| MATERIAL PROVIDED |
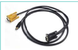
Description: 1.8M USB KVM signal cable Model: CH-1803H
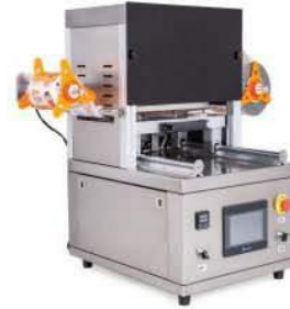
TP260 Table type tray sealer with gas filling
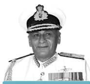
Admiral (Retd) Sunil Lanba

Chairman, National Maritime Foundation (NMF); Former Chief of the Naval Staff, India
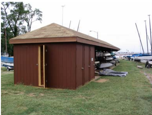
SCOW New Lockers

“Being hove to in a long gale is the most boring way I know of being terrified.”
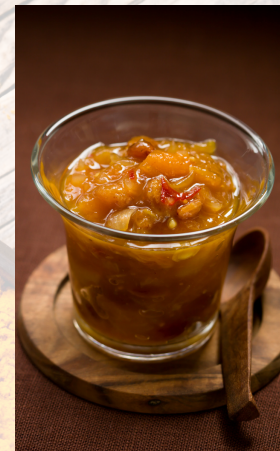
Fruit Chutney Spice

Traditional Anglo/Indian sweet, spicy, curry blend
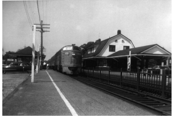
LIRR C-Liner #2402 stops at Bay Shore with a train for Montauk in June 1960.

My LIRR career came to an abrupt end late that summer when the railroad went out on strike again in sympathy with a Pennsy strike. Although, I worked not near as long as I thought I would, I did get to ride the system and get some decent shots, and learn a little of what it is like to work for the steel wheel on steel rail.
==
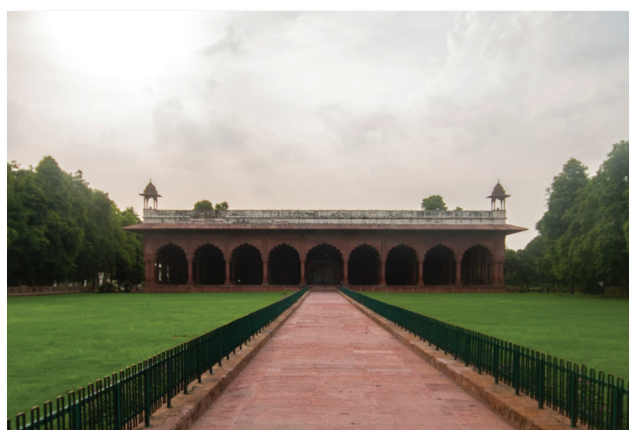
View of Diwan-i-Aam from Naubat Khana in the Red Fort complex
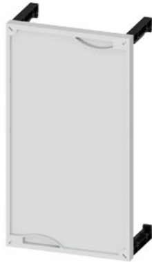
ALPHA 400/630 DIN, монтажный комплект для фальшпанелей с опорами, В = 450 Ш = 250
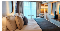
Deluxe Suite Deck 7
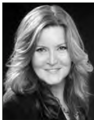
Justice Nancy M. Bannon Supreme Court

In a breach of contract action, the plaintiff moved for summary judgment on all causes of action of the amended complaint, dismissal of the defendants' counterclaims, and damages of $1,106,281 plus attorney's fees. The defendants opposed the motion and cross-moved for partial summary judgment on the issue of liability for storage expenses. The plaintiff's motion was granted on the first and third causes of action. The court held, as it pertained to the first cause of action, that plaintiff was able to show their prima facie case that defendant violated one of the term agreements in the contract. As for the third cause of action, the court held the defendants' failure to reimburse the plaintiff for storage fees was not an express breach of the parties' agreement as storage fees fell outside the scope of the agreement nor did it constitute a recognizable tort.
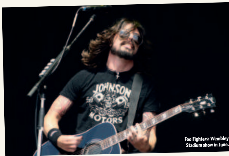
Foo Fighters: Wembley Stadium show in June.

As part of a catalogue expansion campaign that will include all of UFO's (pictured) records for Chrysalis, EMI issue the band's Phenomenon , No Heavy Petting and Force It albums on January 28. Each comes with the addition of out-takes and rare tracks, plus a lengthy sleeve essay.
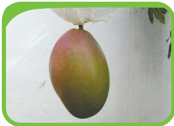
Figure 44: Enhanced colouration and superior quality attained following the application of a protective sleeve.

| TASK INSTRUCTIONS |
Nothing but a number belongs in the answer, namely how many lines above include "sleeve".

| EXPECTED ANSWER |
2